My response to myths like this, more and more, is “shit, if I believed that, I’d never have sex with a man again.” I wonder if the story would change if more guys realized that saying “if a woman gets me turned on, she’d better be ready to go all the way” is the same as saying “getting me turned on is dangerous, better not take the risk.”
Then again, I wonder why more men aren’t just insulted by the whole concept. If someone started telling stories about how my gender was controlled by our genitalia and sexual arousal turns us into rapist automatons, I would be outraged. I would explain in very small, very loud words that I am a person and I can goddamn control myself. I wish more men would speak up to say “actually, even when I can’t turn my erection off, I can sure as hell use the rest of my body to put it somewhere it won’t bother anyone.”
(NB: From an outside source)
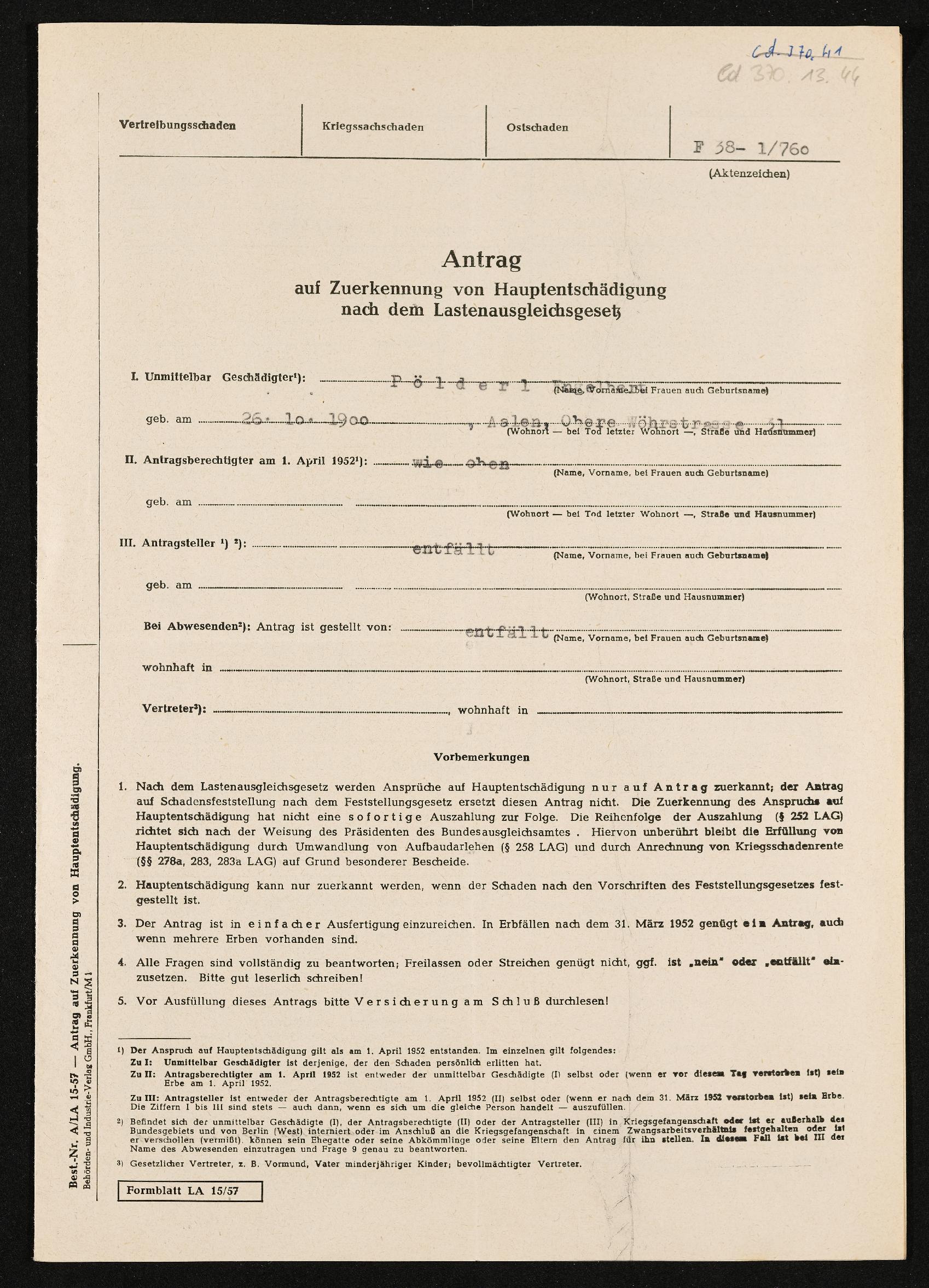 | Titel | Antrag Hauptentschädigung nach Lastenausgleichsgesetz Engelbert Pölderl |

As Pervocracy articulates, the caveman metaphor dovetails neatly with rape culture, setting up an expectation that “because male sexuality is this way, women must act just so in order to avoid setting men off and the consequences thereof.” It’s not a nice story…but it’s one with a definite set of advantages conferred.
And anytime a story grants power to a certain population, and disempowers others, we should be paying close attention, whether the story is a pseudo-scientific model, or a fairy tale, or perhaps the point where both converge (which totally happens in my side project on masculinity and sexuality in contemporary fairy-tale literature, btw). Perhaps the more a story is deemed commonsense or trivial, the more we should be paying attention, which goes both for pop culture content and for scientific stories that have become so household-name and mundane as to be accepted without argument by many.
So, pay attention to those stories. Especially ones about gender and sexuality, and especially in the current political climate.
McCaughey, Martha. “Caveman Masculinity: Finding an Ethnicity in Evolutionary Science.” In Kimmel, Michael S., and Michael A. Messner, Men’s Lives. Eighth Edition. New York: Allyn & Bacon, 2010. 3-13.